I0417 17:05:31.064653  8873 init.cc:237] Cpu Info:
  Model: Intel(R) Core(TM) i7-4790 CPU @ 3.60GHz
  Cores: 8
  Max Possible Cores: 8
  L1 Cache: 32.00 KB (Line: 64.00 B)
  L2 Cache: 256.00 KB (Line: 64.00 B)
  L3 Cache: 8.00 MB (Line: 64.00 B)
  Hardware Supports:
    ssse3
    sse4_1
    sse4_2
    popcnt
    avx
    avx2
    pclmulqdq
  Numa Nodes: 1
  Numa Nodes of Cores: 0->0 | 1->0 | 2->0 | 3->0 | 4->0 | 5->0 | 6->0 | 7->0 |

avatar
Master Collaborator
Thanks for the reply Tim
It was CDH 5.12.0 and it was working great on the same servers..
I'll share the CPU info of those nodes ASAS.

avatar
Master Collaborator

Hi @Tim Armstrong

Here is the CPU info from impalad.INFO :

I0417 20:54:12.845438 13375 init.cc:230] Cpu Info:
  Model: Intel(R) Xeon(R) CPU           E5405  @ 2.00GHz
  Cores: 8
  Max Possible Cores: 8
  L1 Cache: 32.00 KB (Line: 64.00 B)
  L2 Cache: 6.00 MB (Line: 64.00 B)
  L3 Cache: 0 (Line: 0)
  Hardware Supports:
    ssse3
    sse4_1
  Numa Nodes: 1
  Numa Nodes of Cores: 0->0 | 1->0 | 2->0 | 3->0 | 4->0 | 5->0 | 6->0 | 7->0 |




avatar

Do you have the JVM error dump file?

/var/run/cloudera-scm-agent/process/13339-impala-IMPALAD/hs_err_pid13065.log

 

I filed https://issues.apache.org/jira/browse/IMPALA-6882 to investigate the issue. I took a look at the code and it doesn't look like anything has changed, so probabyl requires deeper investigation.

avatar
Master Collaborator

Hi @Tim Armstrong

Thank you for you interaction.

Here is the JVM error dump file: https://ufile.io/j0zat
I have formatted 2 servers and resit them to the centos 6.9 (kernel 2.6.32-696.23.1.el6.x86_64) but always the same problem!

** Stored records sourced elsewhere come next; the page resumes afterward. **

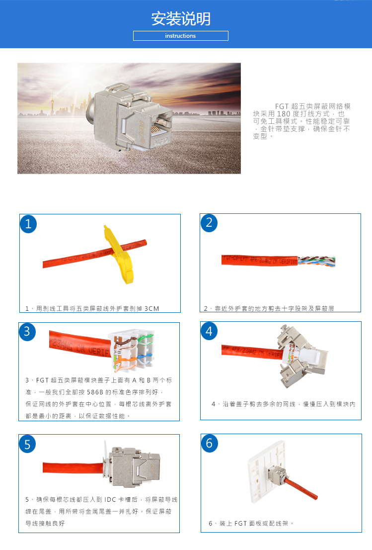 FGT超六類屏蔽模塊采用無鏠屏蔽技術(shù),更易于安裝施工,該模塊可無需專用工具,即可完成端接工作。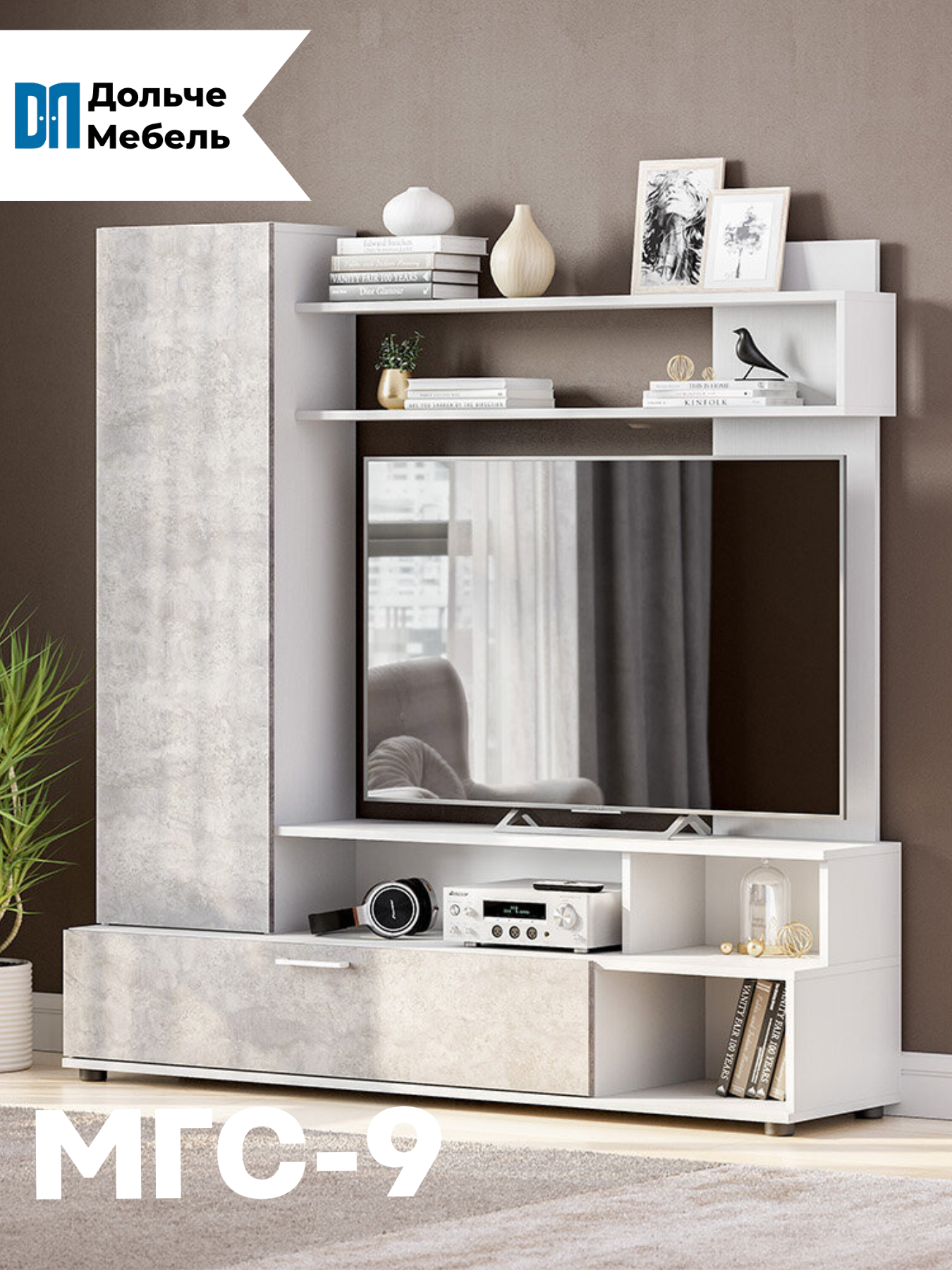 Современный дизайн стенки в гостиную под телевизор SV Мебель МГС 9 подчеркнет ваш вкус и станет ярким акцентом в интерьере. Белый и серый цвета в сочетании с цементным светлым оттенком создают гармоничное и стильное сочетание.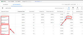 Pro tip: Checking Auction Insights is an especially relevant task if your conversion or click-through rates suddenly drop, as competitors can easily outrank you or steal your traffic in Google Shopping if they’re offering a similar but cheaper product. If you’re in a highly competitive space, it’s smart to review your Auction Insights weekly.
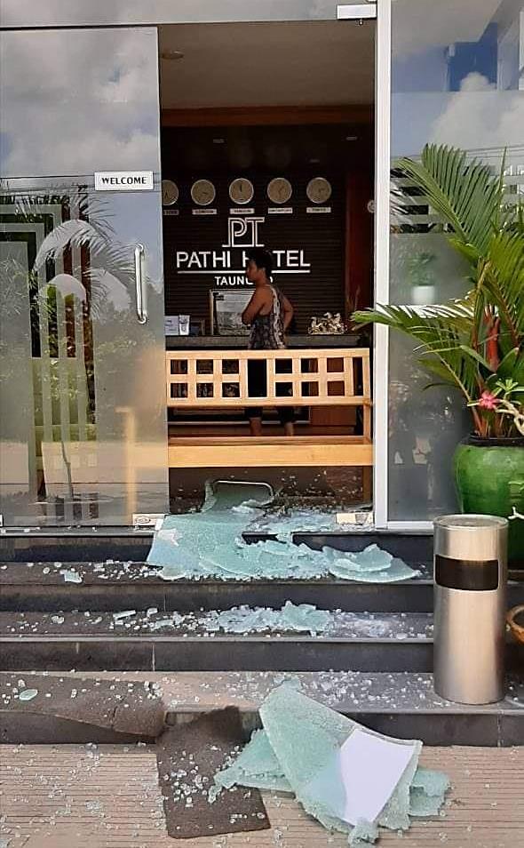 တောင်ငူမြို့၊ အနောက်ဘက် ကျုံးပတ်လမ်း၊ အမှတ် ၂ ရပ်ကွက်ရှိ ပသိဟိုတယ်၏ အဝင်တံခါးမကြီး မှန်တံခါးများရိုက်ခွဲပြီး လူတစ်ဦး ဓားကိုင်ရမ်းကားမှု ပြုလုပ်နေကြောင်း အောက်တိုဘာ ၃ ရက် မွန်းလွဲ ၁၂ နာရီ ၃၅ မိနစ်က သတင်းရရှိသဖြင့် တောင်ငူအမှတ် ၂ နယ်မြေရဲစခန်းမှ နယ်ထိန်းခေါင်းဆောင် ဒုရဲအုပ် နေဝင်းထွန်း ဦးစီးအဖွဲ့က သွားရောက်ရှင်းလင်း ဆောင်ရွက်ခဲ့ရကြောင်း သိရှိရသည်။

I hope we can resolve this bug asap, good luck.

avatar
Explorer

Hello,

 

I am running into the same problem on a fresh install of CDH 5.14.3.  According to the ticket that Tim pasted above, the issue is fixed.  Is there a timeline for when this fix will be available for general release?  Is there a workaround for this that one can utilize now? 

avatar

I expect it will be included in the 5.14.4 maintenance release. I'm not aware of a workaround aside from avoiding running on affected hardware without popcnt support.

avatar
Explorer

Hi,

 

I am happy to state that after updating to CDH 5.14.4, that this crash bug seems to be fixed.  We can run Impala queries now!  This is the first we've used Impala and it looks amazingly fast - glad we can use it now 🙂  Thank you for fixing!

avatar

@AntonyNthanks for following up - glad to hear it!